Create-On-Write Companion Pattern

Create the table by persisting rows on first write:

(flow/step :http :fetch-orders
  {:url "https://example.com/orders"
   :persist {:type :table
             :table "orders"
             :rows-path [:body :items]
             :write-mode :upsert
             :key-fields [:order-id]
             :indexes [{:field :status}
                       {:field :customer-id}]
             :columns [{:column :customer-id
                        :semantic-type :reference
                        :reference {:table "customers"
                                    :remote-field :customer-id}}
                       {:column :customer-name
                        :semantic-type :text
                        :computed {:type :lookup
                                   :reference-column :customer-id
                                   :field :name}}]}})

That step returns a table resource ref:

{:type :resource-ref
 :uri "res://v1/ws/ws-123/result/table/tbl_..."
 :preview {:table-name "orders"
           :write-mode :upsert
           :rows-written 100}
 :write {:mode :upsert
         :rows-written 100}}

Creation notes:

  • there is no separate "create table resource" step or registration call for workers
  • the runtime creates or updates the table family as part of the persisted write
  • downstream steps should keep passing the returned resource ref, not the original raw rows, when they mean "the persisted table"

Return A Table As Final Output

When the user should see a real table artifact in the run output, return the persisted table step result from a :breyta.viewer/kind :table viewer. This is different from returning a map that happens to contain :rows or :columns.

'(let [run-id (str "run-" (flow/now-ms))
       comparison-table
       (flow/step :function :build-comparison-table
                  {:input {:rows comparison-rows
                           :run-id run-id}
                   :code '(fn [{:keys [rows run-id]}]
                            {:rows
                             (mapv (fn [row]
                                     {:run_id run-id
                                      :paragraph (:paragraph row)
                                      :original (:original row)
                                      :cleaned (:cleaned row)
                                      :changed (:changed row)})
                                   rows)})
                   :persist {:type :table
                             :table (str "transcript-comparison-" run-id)
                             :rows-path [:rows]
                             :write-mode :upsert
                             :key-fields [:run_id :paragraph]
                             :columns [{:column :paragraph
                                        :display-name "Paragraph"}
                                       {:column :original
                                        :display-name "Original"}
                                       {:column :cleaned
                                        :display-name "Cleaned"}
                                       {:column :changed
                                        :display-name "Changed"}]}})]
   {:breyta.viewer/kind :table
    :breyta.viewer/options {:title "Original vs cleaned"}
    :breyta.viewer/value comparison-table})

The table viewer value should be the resource ref returned by the persisted step:

{:type :resource-ref
 :uri "res://v1/ws/ws-123/result/table/tbl_..."
 :content-type "application/vnd.breyta.table+json"
 :preview {:rows-written 44}}

If the output page or run sidepeek says that no tables are available, verify the final output is not just inline preview data.
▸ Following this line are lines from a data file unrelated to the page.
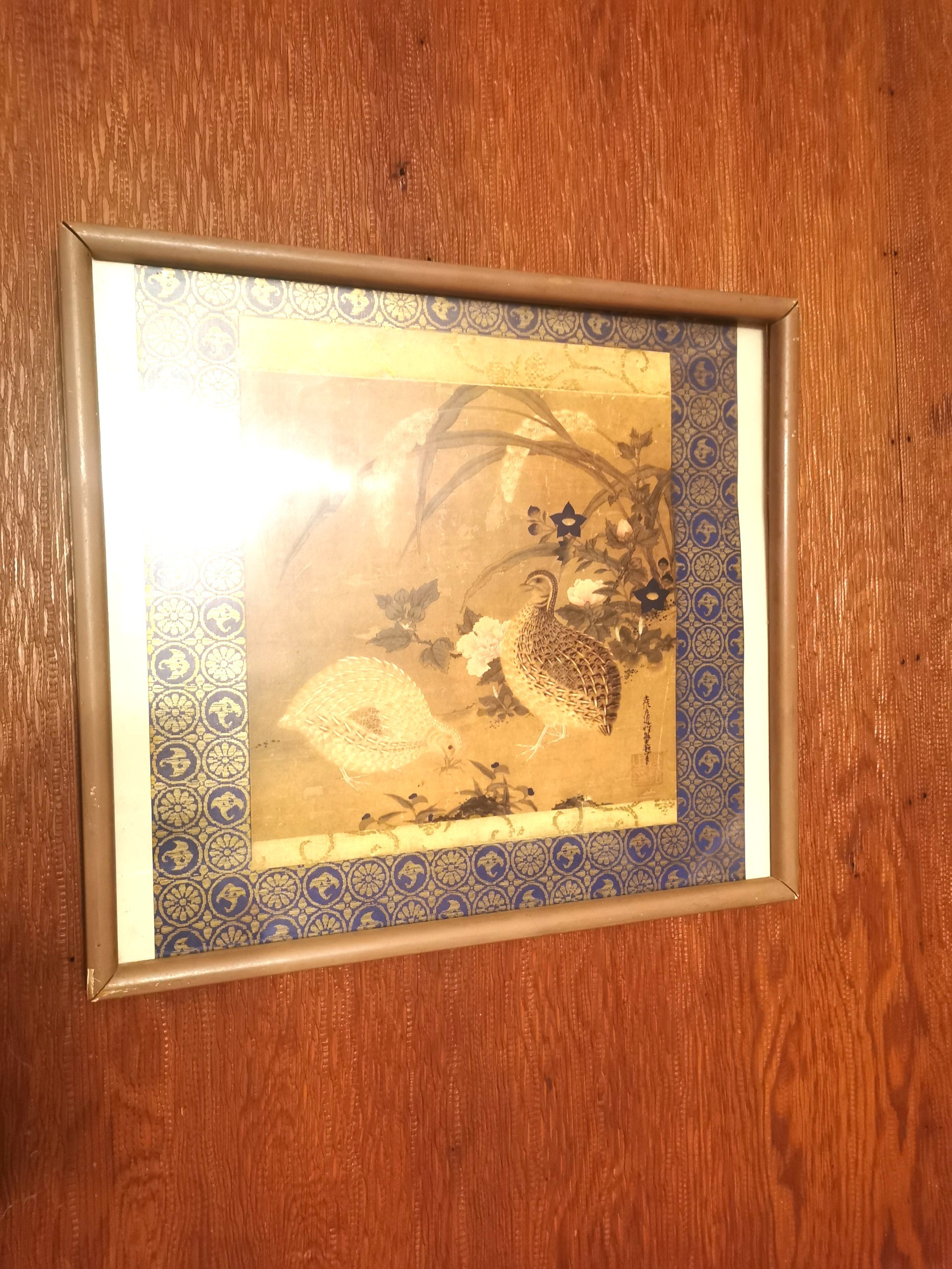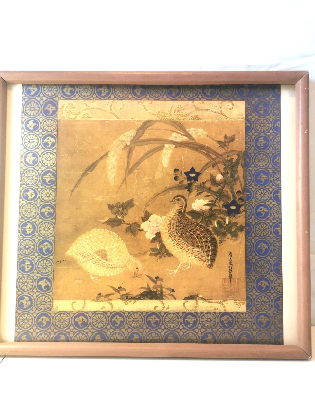 Tosa Mitsuoki Woodblock Print Quail Flowers Japan DAMAGED FRAME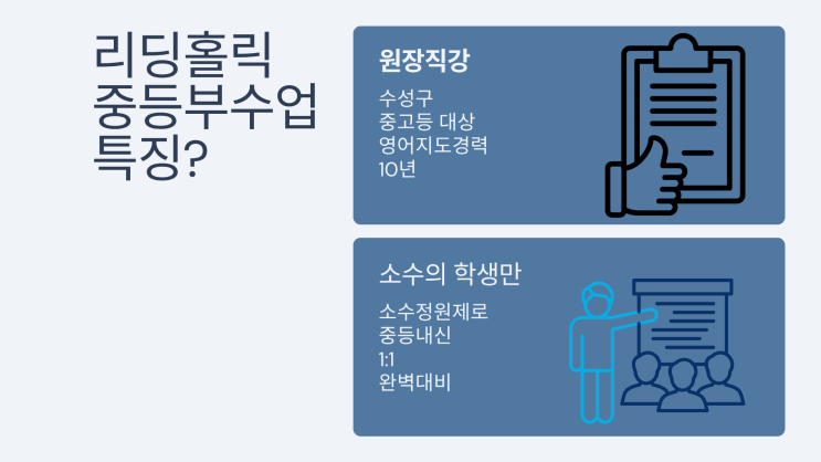 안녕하세요^* 대구 수성구 지역 중학생들을 대상으로 10년 넘게 수업을 해오고 있는 Lisa 원장입니다. ♥♥♥ 오늘은 리딩홀릭영어학원만의 중등부 영어 내신대비 전략을 소개하려고 합니다. 0. 영어교과의 중요성 1. 대구수성구지역 중학교 내신은 이렇게 변하고 있습니다. 논술형 평가 및 영작이 강화된 평가 방식의 변화는 리딩홀릭영어학원 학생들의 강점을 보여줄 수 있는 기회가 되었어요. 2. 리딩홀릭영어학원의 New 입시 맞춤 수업전략 원서 읽기 수업을 꾸준히 해온 리딩홀릭영어학원 중등부 학생들에게는 중등 내신 독해는 어렵지 않게 해결할 수 있습니다. 매 수업마다 진행해온 영어글쓰기는 서술형 시험에 안성맞춤! 3.리딩홀릭영어....... <img src="https://blogthumb.pstatic.net/MjAyNjAzMjRfMTQx/MDAxNzc0MzU2ODgzMTQw.AsgDWA9OjBD2DTvv5qGRNWFwM_ZqcDUCDSw65rTqmi0g.FKfJ9hWfr0OrDOx2FUYFG1siyWtffhiszS8JPM43qR8g.PNG/11.png?type=s3" />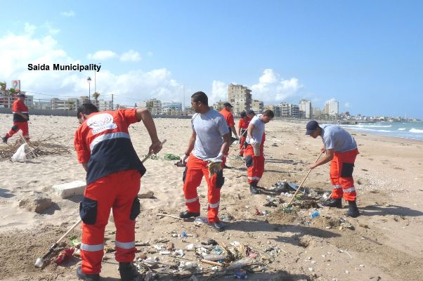 بلدية صيدا واكبت حملة الأزرق الكبير لتنظيف الشاطىء الصيداوي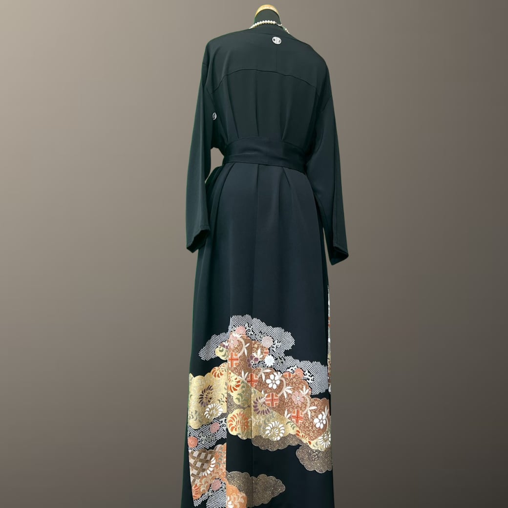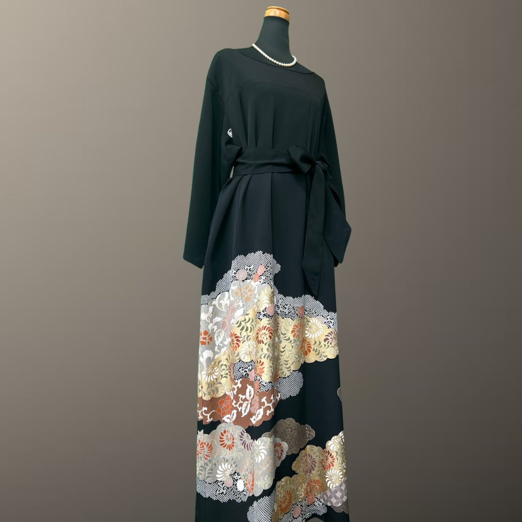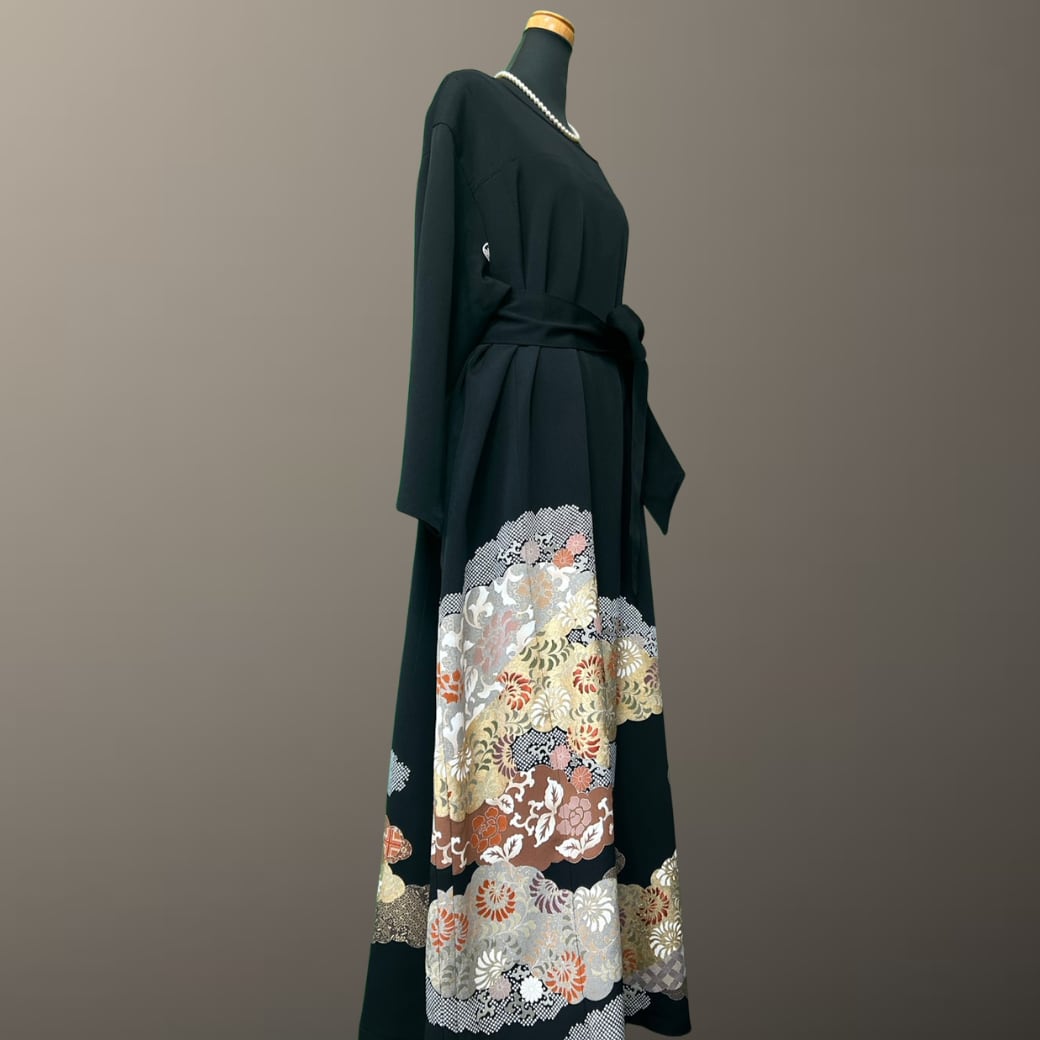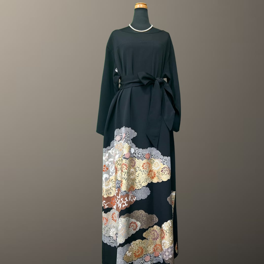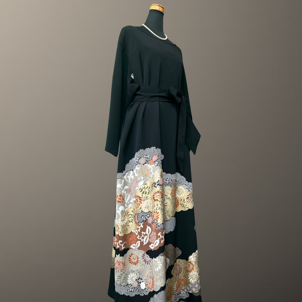 こちらの着物ワンピースは、格式ある黒留袖から仕立てた一着です。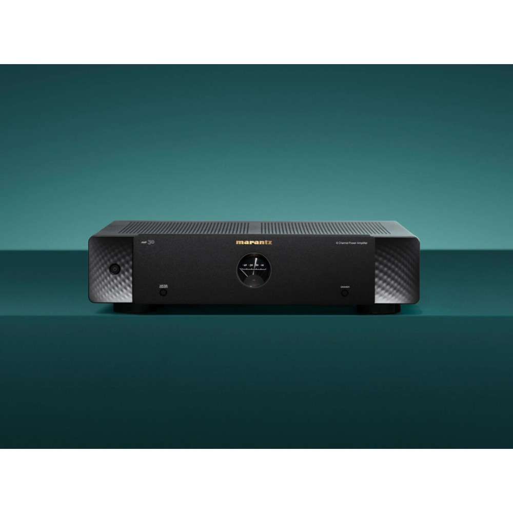 Marantz AMP 30 är ett sexkanaligt slutsteg som kombinerar hög effekt, avancerad signalhantering och ett kompakt format för att driva moderna hemmabiosystem med precision och kontroll. Med 200 W per kanal i 8 ohm och upp till 400 W i 4 ohm är det byggt för att leverera både dynamik och stabilitet, samtidigt som Marantz egen HDAM-teknik och noggrant optimerad klass D-arkitektur sätter grunden för en varm och naturlig ljudkaraktär.

Use breyta resources read <table-uri> to confirm that the table resource has rows.

If the table is part of a larger written report, use the Markdown output
pattern instead: return a :markdown viewer envelope and embed the persisted
table with a fenced breyta-resource block. Markdown table embeds can select
columns, filter/sort rows, render aggregate charts, and add a separate
:view :download fence for CSV source export. See
Output Artifacts.

Query it later with :table:

(flow/step :table :open-orders
  {:op :query
   :table {:ref orders-ref}
   :select [:order-id :status :amount]
   :where [[:status := "open"]]
   :sort [[:order-id :asc]]
   :page {:mode :offset
          :limit 25
          :offset 0}})

Cursor-paged forward scan:

(flow/step :table :scan-orders
  {:op :query
   :table {:ref orders-ref}
   :select [:order-id :status]
   :sort [[:order-id :asc]]
   :page {:mode :cursor
          :limit 250}})

Query rules:

  • :page is required for :op :query
  • :table {:ref <resource-ref>} is canonical; bare refs work for simple ops.
  • :page.mode must be :offset or :cursor
  • :page.mode :offset accepts :offset and does not accept :cursor
  • :page.mode :cursor accepts :cursor, requires explicit :sort, and does not accept :offset
  • the first cursor page omits :page.cursor
  • cursor-paged :page.total-count is optional

Canonical Examples

Get one row:

(flow/step :table :load-order
  {:op :get-row
   :table {:ref orders-ref}
   :key {:order-id "ord-1"}})

Aggregate:

(flow/step :table :sales-by-currency
  {:op :aggregate
   :table {:ref orders-ref}
   :group-by [:currency]
   :metrics [{:op :count
              :where [[:status := "open"]]
              :as :open-count}
             {:op :sum :field :amount :as :total-amount}
             {:op :arg-max
              :field :order-id
              :order-field :amount
              :as :largest-order-id}]
   :order-by [[:total-amount :desc]]
   :limit 20})

(flow/step :table :sales-by-month
  {:op :aggregate
   :table {:ref orders-ref}
   :group-by [{:field :created-at
               :bucket {:op :date-trunc
                        :unit :month}
               :as :created-month}]
   :metrics [{:op :count :as :count}
             {:op :collect-set
              :field :currency
              :limit 5
              :as :currencies}]
   :having [[:count :>= 2]]
   :order-by [[:created-month :asc]]
   :limit 12})

(flow/step :table :amount-distribution
  {:op :aggregate
   :table {:ref orders-ref}
   :group-by [{:field :amount
               :bucket {:op :numeric-bin
                        :size 10}
               :as :amount-bin}]
   :metrics [{:op :count :as :count}
             {:op :percentile
              :field :amount
              :p 0.95
              :as :p95-amount}
             {:op :median
              :field :amount
              :as :median-amount}]
   :order-by [[:amount-bin :asc]]
   :limit 12})

Export:

(flow/step :table :export-orders
  {:op :export
   :table {:ref orders-ref}
   :format :csv
   :select [:order-id :status :amount]})

By default, in-flow :export returns the CSV text inline. Add top-level
:persist {:type :blob ...} when the export should become a downloadable
resource ref:

(flow/step :table :export-orders-csv
  {:op :export
   :table {:ref orders-ref}
   :format :csv
   :select [:order-id :status :amount]
   :persist {:type :blob
             :filename "orders.csv"
             :content-type "text/csv"}})

Materialize a joined destination table:

(flow/step :table :materialize-orders-with-customers
  {:op :materialize-join
   :left {:rows [{:order-id "ord-1" :customer-id "cust-1" :status "open"}]}
   :right {:table "customers"
           :select [:customer-id :name :domain]}
   :join-type :left
   :on [{:left-field :customer-id
         :right-field :customer-id}]
   :project {:keep-left :all
             :right-fields [{:field :name :as :customer-name}
                            {:field :domain :as :customer-domain}]}
   :into {:table "orders-enriched"
          :write-mode :upsert
          :key-fields [:order-id]
          :index-fields [:customer-name :status]}})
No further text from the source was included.